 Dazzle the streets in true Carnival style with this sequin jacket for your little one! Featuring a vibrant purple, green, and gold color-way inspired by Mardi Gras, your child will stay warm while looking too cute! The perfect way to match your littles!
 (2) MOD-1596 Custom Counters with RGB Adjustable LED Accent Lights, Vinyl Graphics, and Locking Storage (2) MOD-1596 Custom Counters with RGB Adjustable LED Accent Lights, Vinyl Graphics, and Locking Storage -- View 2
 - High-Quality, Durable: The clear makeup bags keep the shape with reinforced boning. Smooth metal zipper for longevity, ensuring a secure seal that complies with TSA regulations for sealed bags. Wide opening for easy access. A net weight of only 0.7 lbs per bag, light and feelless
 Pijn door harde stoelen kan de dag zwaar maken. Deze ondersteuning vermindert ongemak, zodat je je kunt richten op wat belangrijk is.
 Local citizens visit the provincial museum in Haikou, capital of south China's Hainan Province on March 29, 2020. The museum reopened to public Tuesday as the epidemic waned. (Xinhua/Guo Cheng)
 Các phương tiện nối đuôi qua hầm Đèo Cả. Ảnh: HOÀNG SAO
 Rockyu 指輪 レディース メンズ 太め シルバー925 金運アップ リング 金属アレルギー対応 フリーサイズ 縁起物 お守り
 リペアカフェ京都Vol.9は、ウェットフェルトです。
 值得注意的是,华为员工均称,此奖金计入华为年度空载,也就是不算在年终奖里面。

· · · ·

What is expected: From the first line to the last, set down every record exactly as written above.

Answer to this exercise:
 Dazzle the streets in true Carnival style with this sequin jacket for your little one! Featuring a vibrant purple, green, and gold color-way inspired by Mardi Gras, your child will stay warm while looking too cute! The perfect way to match your littles!
 (2) MOD-1596 Custom Counters with RGB Adjustable LED Accent Lights, Vinyl Graphics, and Locking Storage (2) MOD-1596 Custom Counters with RGB Adjustable LED Accent Lights, Vinyl Graphics, and Locking Storage -- View 2
 - High-Quality, Durable: The clear makeup bags keep the shape with reinforced boning. Smooth metal zipper for longevity, ensuring a secure seal that complies with TSA regulations for sealed bags. Wide opening for easy access. A net weight of only 0.7 lbs per bag, light and feelless
 Pijn door harde stoelen kan de dag zwaar maken. Deze ondersteuning vermindert ongemak, zodat je je kunt richten op wat belangrijk is.
 Local citizens visit the provincial museum in Haikou, capital of south China's Hainan Province on March 29, 2020. The museum reopened to public Tuesday as the epidemic waned. (Xinhua/Guo Cheng)
 Các phương tiện nối đuôi qua hầm Đèo Cả. Ảnh: HOÀNG SAO
 Rockyu 指輪 レディース メンズ 太め シルバー925 金運アップ リング 金属アレルギー対応 フリーサイズ 縁起物 お守り
 リペアカフェ京都Vol.9は、ウェットフェルトです。
 值得注意的是,华为员工均称,此奖金计入华为年度空载,也就是不算在年终奖里面。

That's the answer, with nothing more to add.